In even the best-trained human shooter there is at least a quarter-second delay between the decision to fire and the squeeze on the trigger. Deep in the Force, Mace could feel their decision even before it was made: an echo from his future.

Before their fingers could so much as twitch, he was moving. By the time the blaster bolts were a quarter of the way there, Mace had whirled, the speed of his spin opening his vest. By the time the bolts were halfway there, the Force had snapped his lightsaber into his palm. At three-quarters, his blade extended, and when the blaster bolts reached him they met not flesh and bone but a meter-long continuous cascade of vivid purple energy.

Mace reflexively slapped the bolts back at the shooters -- but instead of rebounding from his blade, the bolts splattered through it and grazed his ribs and burst against a trash bin behind him so that it boomed and bucked and shivered like a cracked bell.

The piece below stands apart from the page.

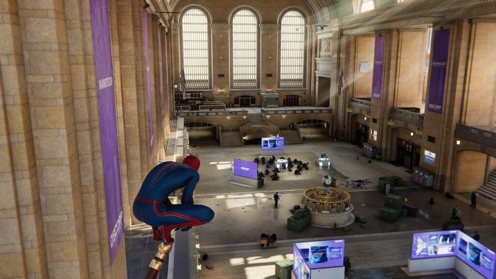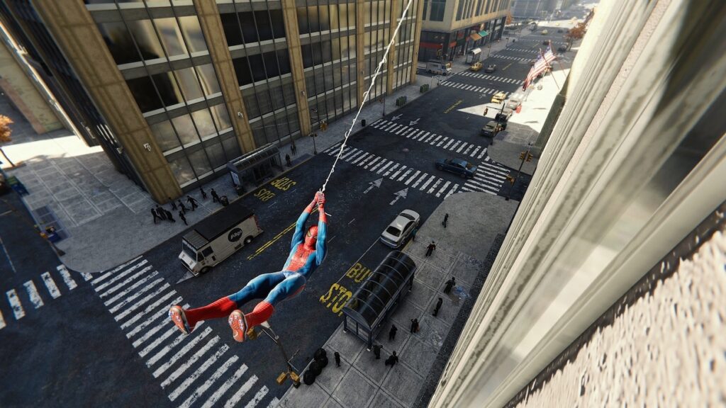 Osrednjega junaka Spider-Man / Peter Parker so postavili v Marvelov New York, kjer se bori proti celi kopici nepridipravov. Igra nudi tako imenovano ʺopen worldʺ doživetje, kjer se lahko igralec napoti v kateri koli del mesta, zavije v vsako ulico in pristane na kateremkoli zidu ali strehi. Skozi mesto se najhitreje pomikamo z uporabo lokacijski točk oziroma ʺpodzemne železniceʺ. Bolj kot to, se po mestu še raje podamo z uporabo pajkove niti, ki je pravzaprav glavni atribut našega junaka. Z njo se po domače ʺguncamoʺ skozi mesto, izvajamo različne trike, pri tem pa pridobivamo hitrost in izkušnje. Mehanika nihanja je pri tem resnično dodelana in zagotovo predstavlja novo in drugačno igralno izkušnjo.

Mace thought, I might be in trouble after all.

Before the thought could fully form in his mind, the two shooters (a distant, calculating part of Mace's brain filed that they were both human) had flipped their weapons to autoburst. A blinding spray of bolts filled the alleyway.

Mace threw himself sideways, flipping in the air; a bolt clipped his shin, hammering his leg backward, turning his flip into a tumble, but he still managed to land in a crouch behind the cover of the alleyway's inner corner. He glanced at his leg: the bolt hadn't penetrated his boot leather.

Stun setting, he thought. Professionals who want me alive.